(DATA TO USE)

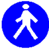
Passaggio obbligatorio per i pedoni
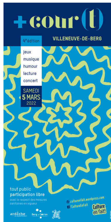
Place à la culture, samedi 5 mars 2022.

Quant au festival "D'une cour à l'autre", reviendra-t-il au printemps cette année ? La réponse est oui ! Notez bien les dates : samedi 28 et dimanche 29 mai 2022.
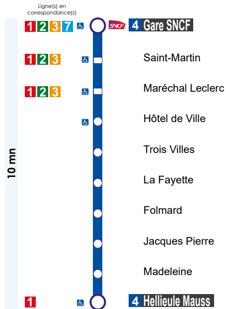
Schéma de ligne

Le respect des horaires est fonction des conditions de circulation

(End DATA TO USE)

## [TASK STATEMENT]
Return only the lines of the records in which the string "samedi" appears.

## [YOUR SOLUTION]
Place à la culture, samedi 5 mars 2022.
Quant au festival "D'une cour à l'autre", reviendra-t-il au printemps cette année ? La réponse est oui ! Notez bien les dates : samedi 28 et dimanche 29 mai 2022.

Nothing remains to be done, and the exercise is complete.